TFE will be taking several trips back to 1995 for the next two weeks, our "year of the month". Here's abstew on the one and only... - Editor

Although she had been acting in Australia since she was 16 years old, most American audiences at the start of 1995 only knew Nicole Kidman for one thing: being Mrs. Tom Cruise. Despite earning strong notices earlier for 1989's Dead Calm (and catching the attention of superstar Cruise), the Hollywood productions that followed did little to showcase the promising talent that had been hinted at. Appearing alongside Cruise in glossy modest hits (Days of Thunder and Far and Away) or playing thankless wife roles that hardly challenged her as an actress (MaliceMy Life), Kidman was in danger of becoming arm candy for her famous husband. But thanks to a new pair of roles, 1995 would become the year that she finally emerged from the shadow of Cruise to start the march to her own inevitable super-stardom.

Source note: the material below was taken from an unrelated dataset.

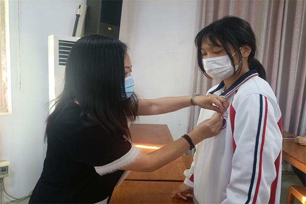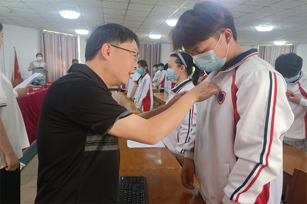 活動在莊嚴(yán)的國歌聲中拉開序幕。在宣讀了新團(tuán)員名單后,與會領(lǐng)導(dǎo)為新團(tuán)員們佩戴上閃耀的團(tuán)徽。全體團(tuán)員面向鮮艷的團(tuán)旗,高舉右拳莊嚴(yán)宣誓。
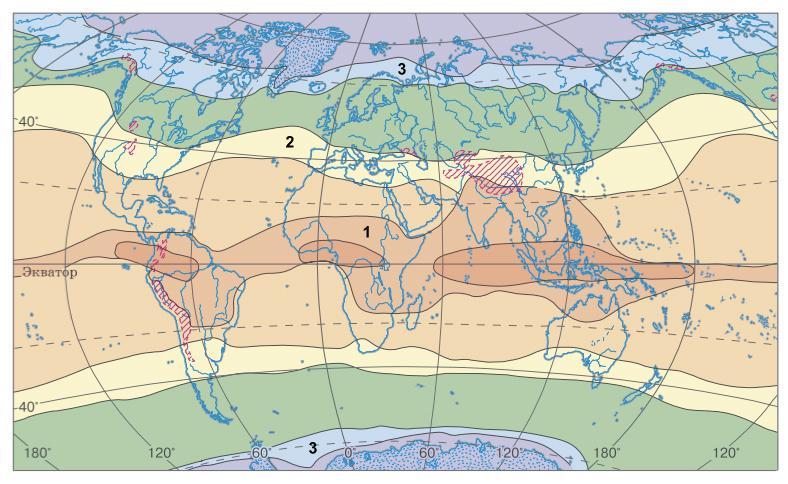 1 субэкваториальный 2 субтропический 3 субарктический и субантарктический

One of the ways Hollywood measures the worth of a star is by their box office. Warner Bros had been disappointed with the profits of Tim Burton's Batman Returns and decided to go in a different direction for the next franchise installment. Because of the changes, former star Michael Keaton decided not to return as the cape crusader and when Val Kilmer came onboard, it was deemed that Rene Russo (who had already been cast as the romantic lead) was too old to appear opposite the new Bruce Wayne. More...

The part of psychologist Dr. Chase Meridian was then initially offered to Robin Wright, but leery of big-budget blockbusters, she turned it down. (Just as she had previously with the offer to play the role that went to Laura Dern in Jurrasic Park.) The part went to Kidman. At the time it had the biggest opening weekend gross of all time and would remain Kidman's most profitable film for over a decade.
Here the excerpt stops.